Maqāṣid/ Maṣlaḥa based Approaches in Islamic Legal Theories: A Brief Outline of Past and Present Efforts
According to Auda, maqāṣid al-sharīʿa “is a system of values that could contribute to a desired and sound application of the Shari’ah”.[i] The concept of maqāṣid al-sharīʿa is present and has been employed as legal hermeneutical tools in premodern Islamic law ( or legal theory ,usul ul fiqh[ii], to be more precise) since the third century Hijri at least.[iii] It is based on the idea that Islamic law is purposive in nature, that is to mean that Islamic law serves particular purposes (e.g. promoting people’s benefit and welfare and protecting them from harm) which are either explicitly present in or can be derived from the fountainheads of the sources of Islamic law, namely the Qurʿān and the Sunna. Maqāṣid al-sharīʿa is also an umbrella concept for a number of other concepts which have been closely linked to it in the premodern Islamic tradition, most notably the idea of a public interests (al masaliḥ al- ammah)[iv]and unrestricted interests (al-masaliḥ al-mursala)[v] as well as other principles such as istiḥsān (juridicial preference), istiḥsāb ( presumption of continuity) and avoidance of mischief ( mawsada) all of which are considered to be directives in accordance with God’s Will.[vi]
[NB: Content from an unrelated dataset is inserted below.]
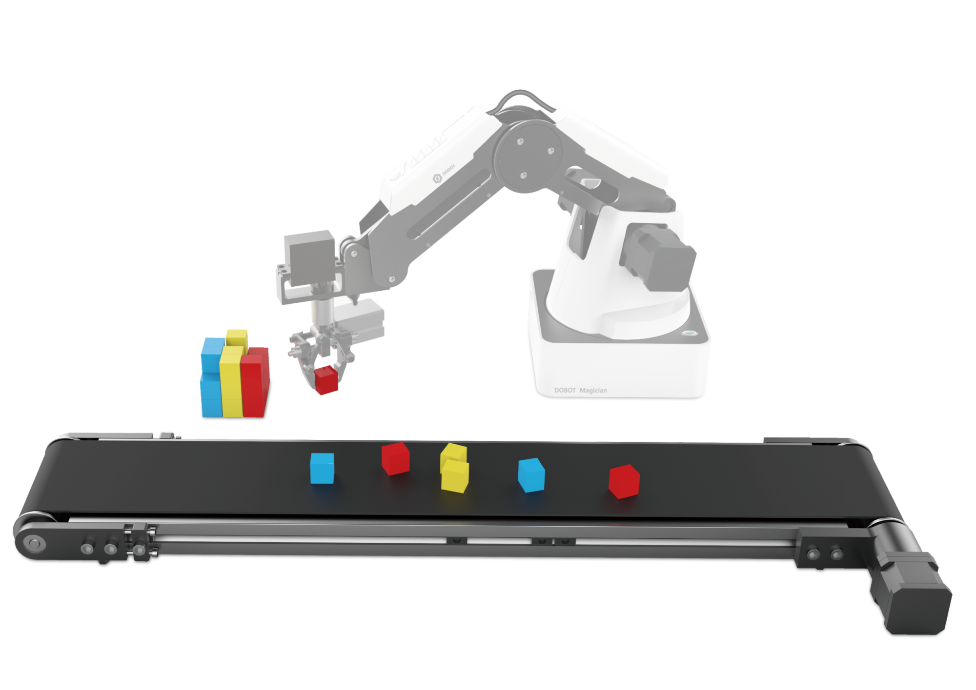 Конвейерная лента для манипуляторов Dobot Magician позволяет создать макет производственной ячейки, обеспечив транспортировку объектов манипуляций, а входящие в комплект датчики позволят изучить основы автоматизации производственных процессов, открывая новые возможности по созданию увлекательных проектов.

As ably documented by Auda[vii] past and present works which referred to or employed the conceptions of maqāṣid (apart from those cited in this section) include Al Tirmidhi Al-Hakim’s ( d.296/ 908) Al-Salah wa Maqāṣiduha,[viii] Abu Zayd Al-Balkhi’s ( d.322/930), al-Ibanah ‘an ‘ilal al-Diyanah /Masaliḥ al-Abdan wa al-Anfus,[ix] Ibn Babawayh al-Qummi’s ( d.381/991) ‘Ilal al-Shara’i,[x]Al-‘Amiri al-Faylasuf’ al-I’lam bi-Manaqib al-Islam[xi] to those classical works which deal with the concept of maqāṣid more systematically such as Abu Al-Ma’ali Al-Juwayni’s ( d.478/1085) Al-Burhan fi usul al-Fiqh,[xii] Al-‘Izz Ibn Abd AL Salam’s (660/1209) Qawa’id al-Ahkam fi masaliḥ al-Anam,[xiii] Shihab al-Din Al-Qarafi’s ( 684/1258) al-Furuq, [xiv] Ibn Al-Qayyim’s(748/1347) I’lam al-Muwaqqi’in [xv] and Al-Shatibi’s ( d.790/1388) Al-Muwafaqat fi usul al –Shari’a[xvi] and those maqāṣid-oriented works among modern Muslim scholar’s such as R.Rida’s ( D. 1354/19350) Al-Wahi al Mohammadi: Thubut al-Nubuwwah bi al-Qurʿān ,[xvii] Ibn Ashur’s Maqāṣid al-Shari’ah al-Islamiyyah,[xviii] Al-Qaradawi’s Kayf Nata’aamal Ma’a al-Qurʿān al-‘Azim[xix] and T. Al-Alwani’s Maqāṣid al-Shari’ah.[xx]
The premodern jurists’ idea of maṣlaḥa has been developed to ensure that the maqāṣid of Islamic law are preserved and protected when adjudicating legal cases[xxi]. Since both maqāṣid and maṣlaḥa concepts are premised on the essentially same principle ( i.e. purposive nature of Islamic law) and serve the same ultimate purpose ( promotion of social welfare of people) two concepts are found to be acting in harmony with each other.[xxii] As such interpretational models ( manahij) which highlight the importance of these principles in reforming premodern Islamic law will be referred to in this volume as maqāṣid cum maṣlaḥa approaches to Islamic law.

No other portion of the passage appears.